Клаус не помнил, как очутился в своей квартире, вымытый, лежащий в постели. Прошедшая неделя чудилась дурным сном, но подобные недельные запои время от времени давно были для Никлауса нормой.
В соседней комнате Кол смотрел по телевизору повторение сегодняшней игры своей баскетбольной команды, он почти задремал уже.
Кол сделал успешную спортивную карьеру, года три назад он стал тренером. С Бонни он развёлся после окончания колледжа, но поддерживал с бывшей женой хорошие отношения, они совместно воспитывали сына.
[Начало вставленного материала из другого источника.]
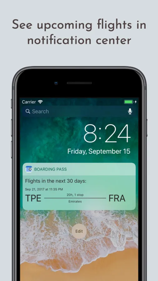 Add the Boarding Pass widget to your notification center or Apple Watch to always have an overview of your upcoming flights.

У него также было двое сыновей от второго брака; можно сказать, что жизнь его удалась – Кол считал себя счастливым человеком.
Клаус втихую достал бутылку пива, но как только щёлкнул крышкой, Кол резко вскочил и выхватил у него из рук «эту отраву».
– Супер вообще, – процедил младший Майклсон, с отвращением выбрасывая бутылку в мусорное ведро.
– Извини меня, пожалуйста, – жалко ответил Клаус и закрыл лицо рукой, голова его поникла.
От осознания собственной убогости и ничтожности Нику хотелось провалиться сквозь землю. Он не виделся лично с Колом восемнадцать лет, а сейчас предстал перед любимым братом ничем – алкоголиком, доживающим свой век.
Кол где-то час читал ему лекцию в семейном стиле, кричал, энергично жестикулировал, а Клаус в ответ ему кивал, со всем соглашался. Это зрелище добило Кола. Он внезапно замолчал. «Что здесь за представление я устроил перед этим несчастным, пропащим человеком? Он ведь и так всё понимает. Он поделать уже с собою ничего не может, я же знаю Ника: у него есть эта слабость натуры, ведомость. Его трудно назвать борцом за жизнь. Зачем я «выступаю» сейчас? Мы взрослые люди, чёрт бы меня побрал, я должен просто его вытащить, должен сделать всё, что в моих силах».
– Мамуля, привет, я вас с папой не разбудил?
– Ох, здравствуй, мой родной! – послышался суетливый голос Эстер. – Да не очень, мы с отцом ещё сериал смотрим, не ложимся, – Кол через трубку почувствовал, что мать улыбалась.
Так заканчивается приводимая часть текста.